HOw do you create a CTF/GFF file in Galaxy?
Hi @Sonenshine
If you are after a genome annotation, check any appropriate GTN tutorial.
It depends on what you want and what data do you have. For RNAseq StringTie followed by SringMerge is a good option. TransDecoder produces GTF/GFF files for transcriptome.
Kind regards,
Igor
Thanks. Will try them.
Dr. Sonenshine
Hi Igor:
I’m using the genes to counts tutorial (under transcriptomes). I got as far as HISAT2 when I encountered the GFF/GTF issue. I uploaded a genome from history because it was not one of the small number of embedded choices. I made sure it was in fasta format. So, which tool do you recommend to create the conversion to a GFF/GTF file?
Thanks
Daniel
Hi @Sonenshine
Jumping in here to clarify the difference between a reference genome (fasta) file and a reference annotation (GTF/GFF/GFF3) file.
Start with this → FAQ: Extended Help for Differential Expression Analysis Tools
In short, these data represent different but related content, and cannot be created from each other.
- The fasta are the nucleotide bases of your genome.
- The annotation are the coordinates (on those nucleotide strings) of features.

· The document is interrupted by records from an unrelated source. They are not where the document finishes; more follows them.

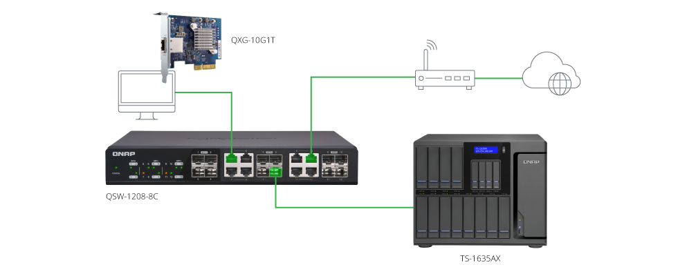 TS-1635AX 支持 10GbE 网络,具备 2 个 10GbE SFP+ 网络端口,无须选购扩充卡即可加速您的工作流。若您的网络环境尚未支持 10GbE,您可选购 QNAP 10GbE/NBASE-T™ 非网管型交换机,打通网络瓶颈,感受更流畅的网络数据存储体验。对于网络环境中的 Windows/Linux 个人计算机,您可选购安装 QXG-10G1T 10GBASE-T/NBASE-T PCIe 网络扩充卡,为个人计算机新增 10GbE 功能,将整体网络架构升级为四通八达的高速环境。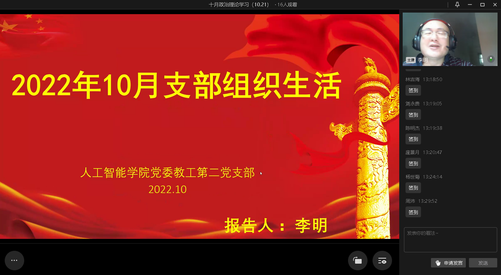 2022年10月21日2138cc太阳集团官网教工二支部在企业微信以线上会议的方式开展十月份支部组织生活,活动由支部书记李明同志主持。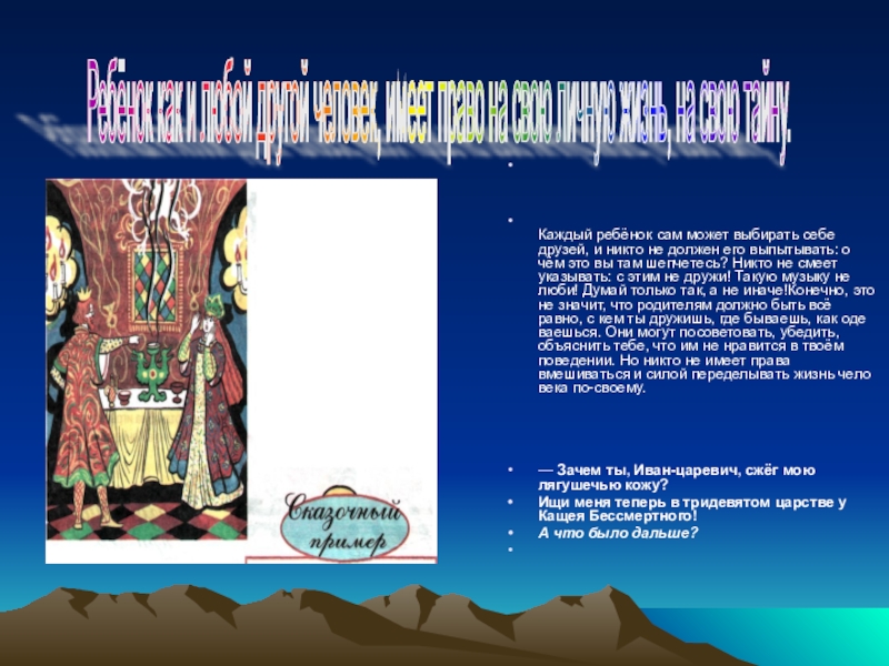 Ребёнок как и любой другой человек, имеет право на свою личную жизнь, на свою тайну.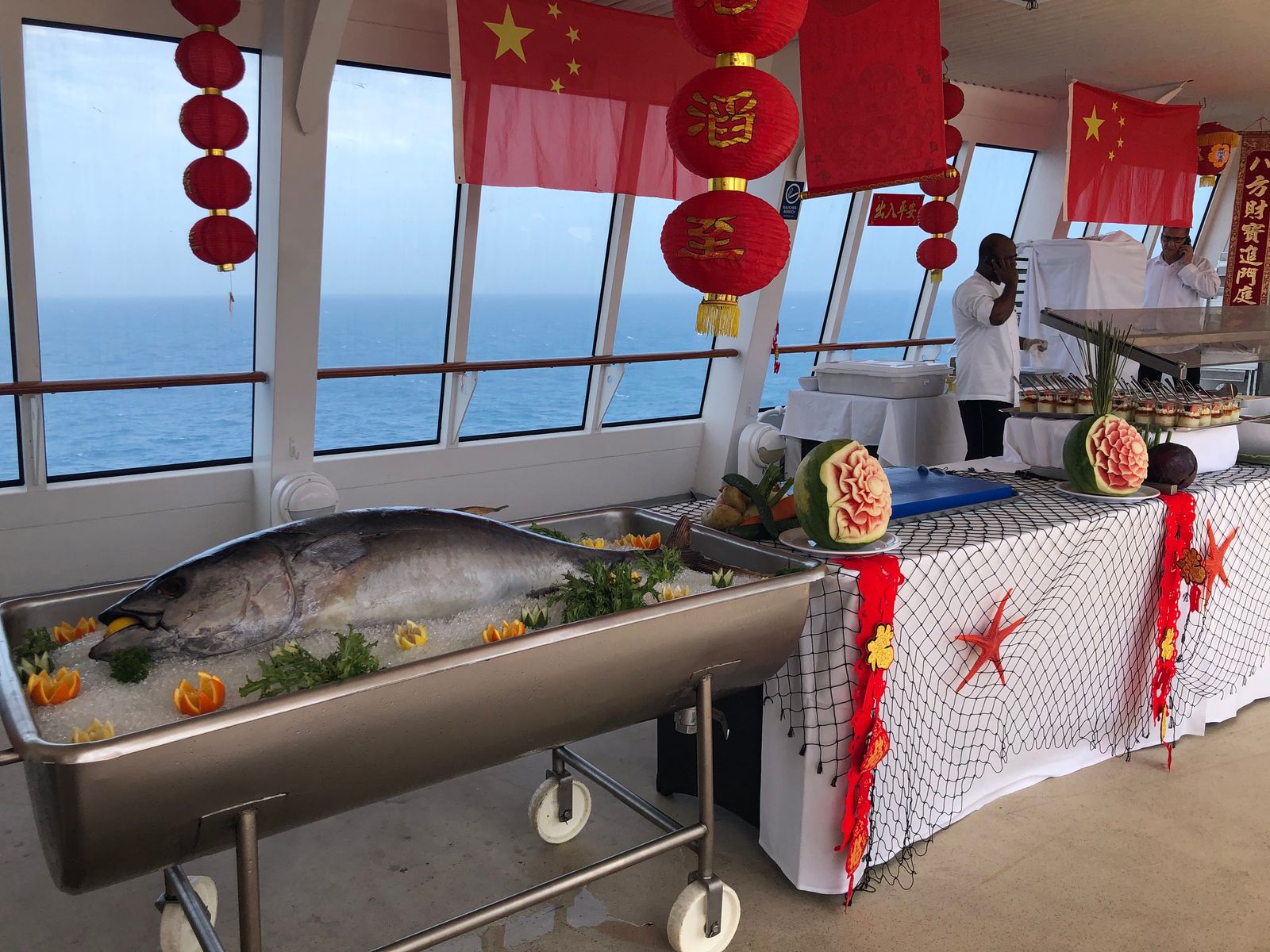 In der Nacht wurden die Uhren von 2 auf 3 Uhr eine Stunde vorgestellt. Da Seetag war, konnten wir die „verlorene“ Stunde länger schlafen und frühstückten dann später gemütlich auf der Außenterrasse des Calypso. Das Wetter war sehr schön und sonnig, die Temperaturen lagen bei 30°C. Nach den letzten anstrengenden quirligen Tagen in Saigon das richtige Wetter zum Ausspannen am Pool. Um die Mittagszeit wurde wieder ein Poolbrunch angeboten, diesmal mit frischem Thunfisch. Dabei wurde Vorort ein kompletter Thunfisch zerlegt und die einzelnen Stücke gegrillt. Es schmeckte sehr lecker.

Some tools can create annotation based on the inputs – those are what @igor was specifying. This is a de-novo method.
For known annotation, the usual source for a reference annotation file is the same place where the reference genome was sourced. It is a good idea to get both at the same time (along with a reference transcriptome, if you are using one). Then to make sure all the format/content is correct, and then to finally start the analysis project. 
Hope this helps but if you need more help, maybe start by explaining exactly where you sourced the reference genome. URL or similar is usually best. Then explain whether you are attempting de-novo, or known, or a hybrid annotation path.
Hi Jennifer:
I greatly appreciate all this help and will try to follow up with these suggestions in the Galaxy Tool (under transcriptomes) “Reads to counts”.

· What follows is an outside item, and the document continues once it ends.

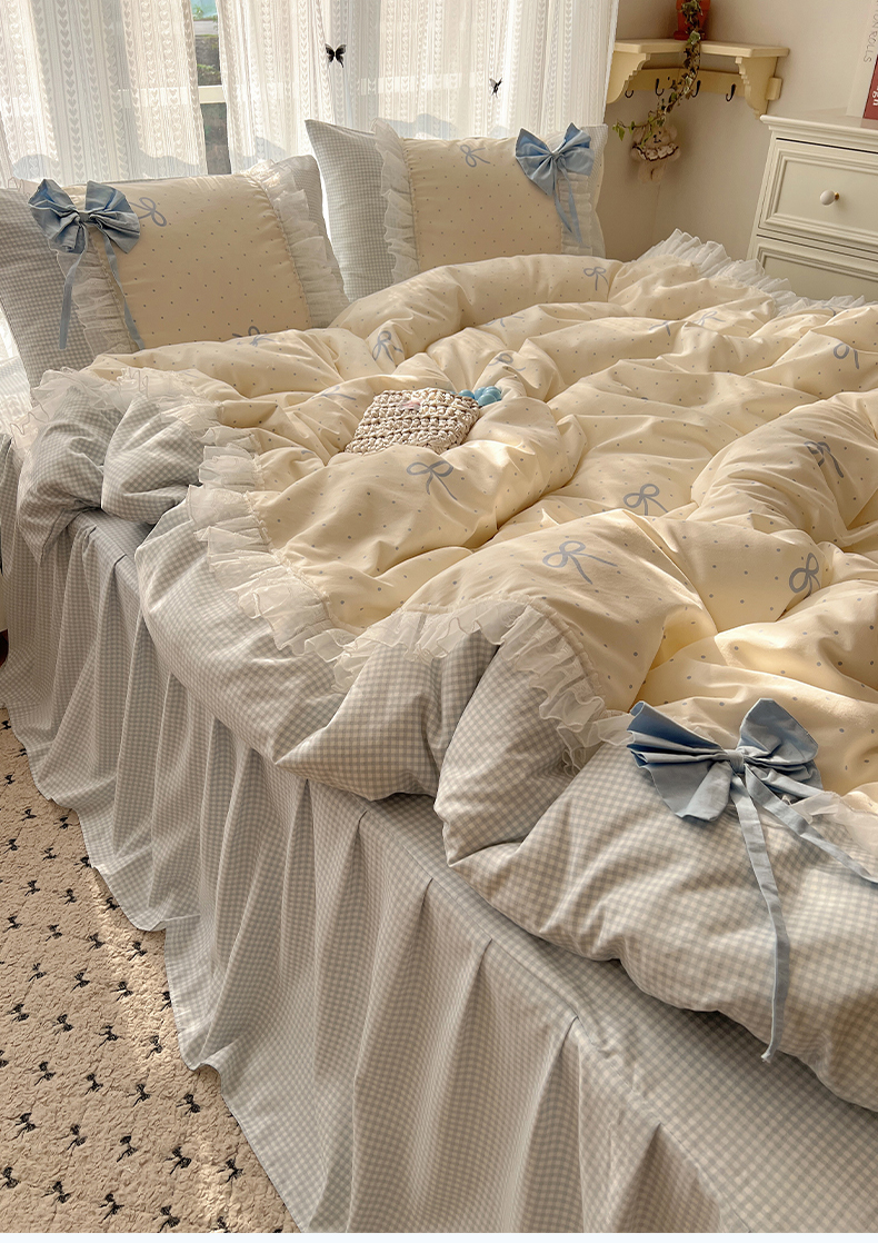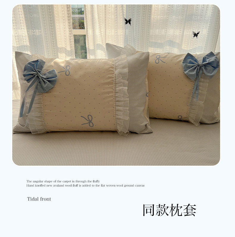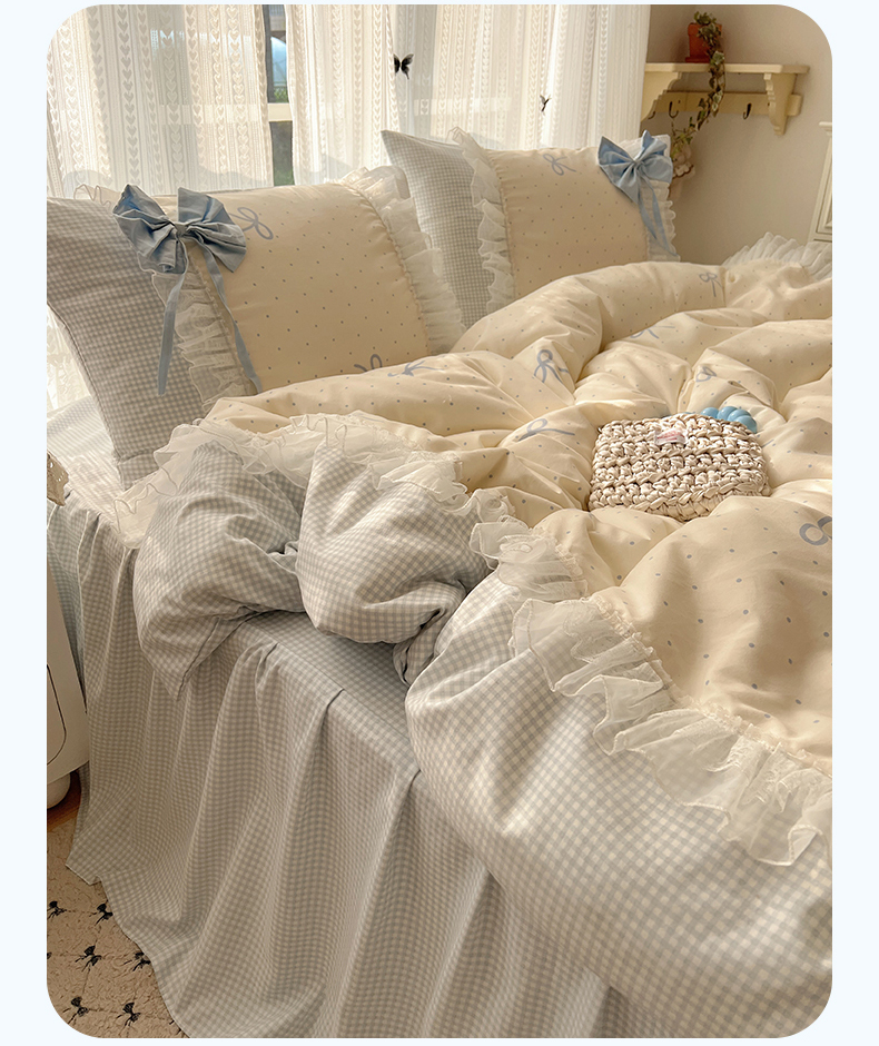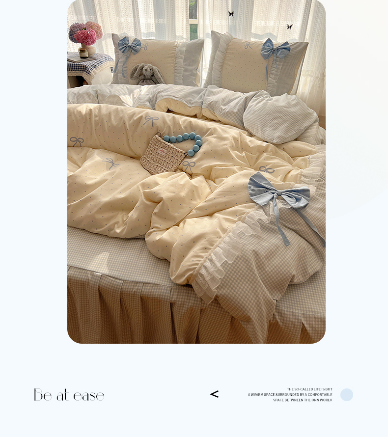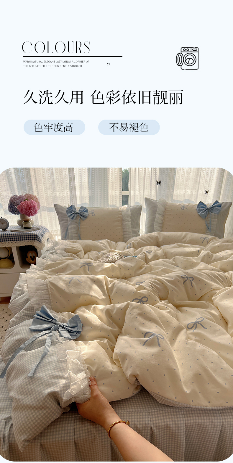 当前位置: 91家纺网 > 商品网购 > 床品套件 > 四件套 > 水洗棉四件套 > 瑞莱 2025新款水洗棉拼接工艺花边款四件套-波点蝴蝶结 波点蝴蝶结-蓝

For your information, I am trying to compare two endosymbiotic bacteria, species of the genus Rickettsia, using the first tool, reads to counts, in order to progress to the second tool, differential expression with limma-voom.
To do this, I selected the first species, Rickettsia conorii, from the list of embedded genomes that can be found when you do upload to import something. However, after progressing through the series of steps, e.g., cutadapt, fastqc, multiqc…etc. to HISAT2, the second genome, Rickettsia rickettsii RML, is not available. All that shows up from the embedded list is a small subset of the upload list and HISAT2 will not run. And tool asks for a GFF or GTF file. So, I will try to create using your suggestions.
I like one of your suggestions which is to load both at the beginning, during the initial upload. I will try that.
Does all this make sense to you?
Thanks
Daniel
Dr. Daniel E. Sonenshine
Guest Researcher,
NIAID, NIH
Hi @Sonenshine
For this part
if you have two different species, then these tools will not work for you unless you are mapping both sets of species reads to the exact same reference genome (along with the same reference annotation).
And, about this part
Correct. Sometimes there is a placeholder for a reference genome in the drop-down, but the full genome is not actually installed as a fasta index, nor as a tool-specific index e.g. for mapping tools. There are some legacy reasons for this, and is safely ignored.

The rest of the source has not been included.